Raspberry Pi Zero Version 1.3 also has the interface CSI for a camera port, as the larger models have it.
Raspberry Pi Zero W
Just like the Zero, the Raspberry Pi Zero W uses Broadcom’s single-core SoC BCM2835 with 512 MB of RAM, which is also clocked at 1 GHz. New is the wireless chip BCM43438 for WLAN with 802.11 b / g / n and Bluetooth 4.1 Low-Energy (BLE). This is the same chip as Raspberry Pi 3 B.
If you have a stable and clean voltage (low ripple) of 5 volts available from a stabilized or regulated power supply, then you can supply Raspberry Pi Zero also via the GPIO-5V pin with power.
But then you should already know what to do because in Zero no Polyfuse (fuse) is installed. This means that the applied voltage supplies not only the SoC, but also the USB devices. Under certain circumstances, not only the SoC is broken, but also the USB devices if you build crap here.
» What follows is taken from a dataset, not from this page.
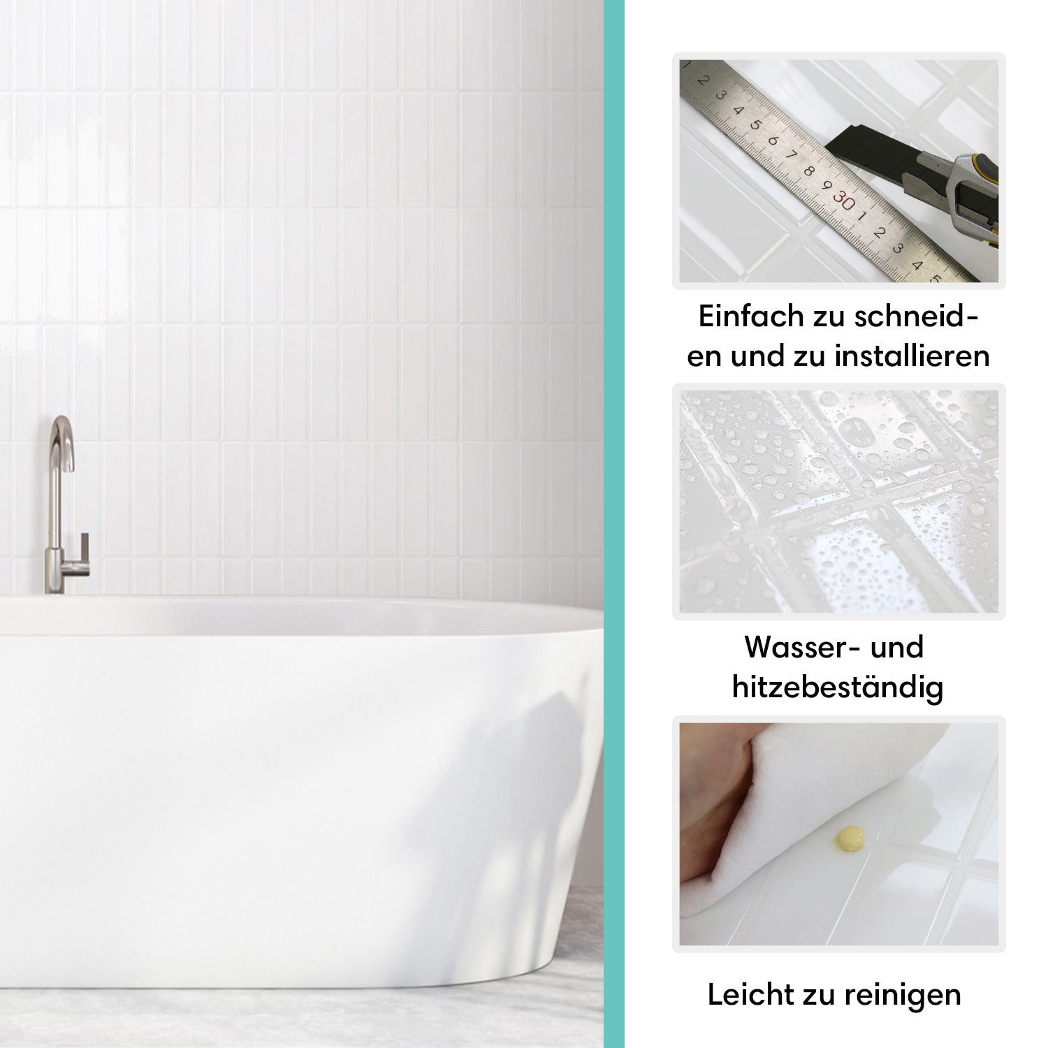 Einfache Installation: Einfach abziehen, ineinander stecken und aufkleben – ganz ohne Fugen oder Schmutz!
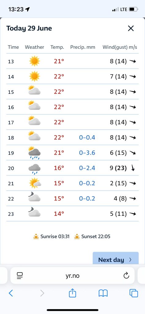 I was on my way from Ingmarsö to Stockholm by ferry boat to pick up my brother in law, when I saw the forecast. Gusts of 23 m/s! That is 44 knots of wind!

How to tell raspberry pi model
Usually, we can directly distinguish the models from the appearance of the Raspberry Pi board, but some models have a small appearance difference, which is not particularly easy to distinguish.
When the appearance cannot be distinguished, or the real board of the Raspberry Pi is not accessible (such as remote login), the official introduced a command line method that can know the board information very accurately.
Enter in the command line:
A message similar to the following will be printed:
Revision : a03111 Model: Raspberry Pi 4 Model B Rev 1.1
RevisionIt is the model code of the board and Modelthe model name.